Simulations from a time-dependent model of moist convection have been used to assess magnitudes of errors in the estimates of derived wind fields from the synthesis of data from a network of Doppler radars. The two types of errors considered are, first, those due to temporal changes in the scales of deep convection resolved by the model, and second, those due to the random contributions of radial velocity estimates by scales smaller than model resolution (noise). Due to the coarse spatial resolution of the model, much of the assumed noise error is due to spatial scales between the model's resolution (∼1 km) and the Doppler radar sampling scale (∼100 m) and should not be considered in reality as “white” noise with respect to the radar sampling problem. The results presented in this paper must be interpreted only in terms of wind estimates derived by using radar sample volumes comparable to the models resolution.
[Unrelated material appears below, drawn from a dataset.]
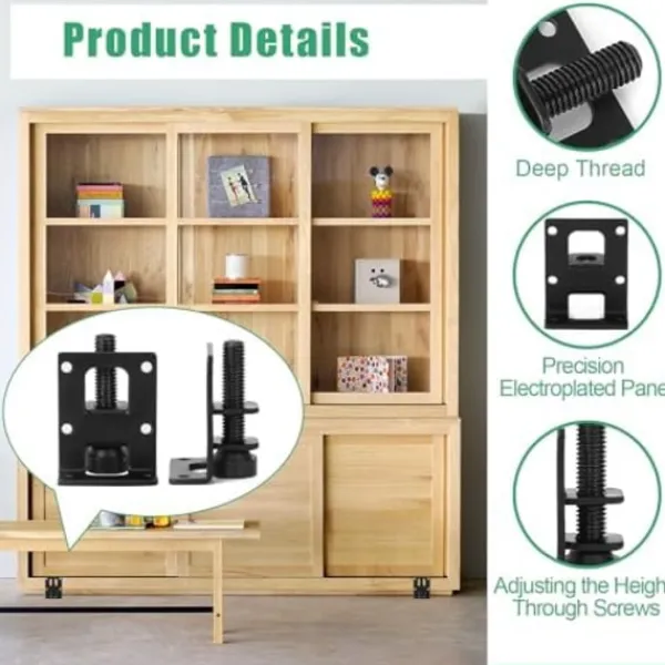 【Brett användningsområde】Justerbara fötter för att stödja skåp, bord, arbetsbänkar, soffbord, garderober, soffor, etc. är ett praktiskt verktyg för familjer eller kontor.

Much higher spatial resolution experiments with the model are necessary to clearly delineate the differences between temporal and noise errors for scales larger than the typical radar sampling volumes.

The temporal errors for the resolved scales of the model using a 3 min scan time were found to be less than those due to noise and in general quite tolerable in magnitude for three or more radars. A dual-Doppler analysis in x, y, z Cartesian space (as opposed to x, y, elevation angle coplane analysis) was considered. In this case the derived errors (in the steady state) were found to be significantly large.

The effects of scan time and number of radars were assessed and two methods of reducing temporal errors were investigated.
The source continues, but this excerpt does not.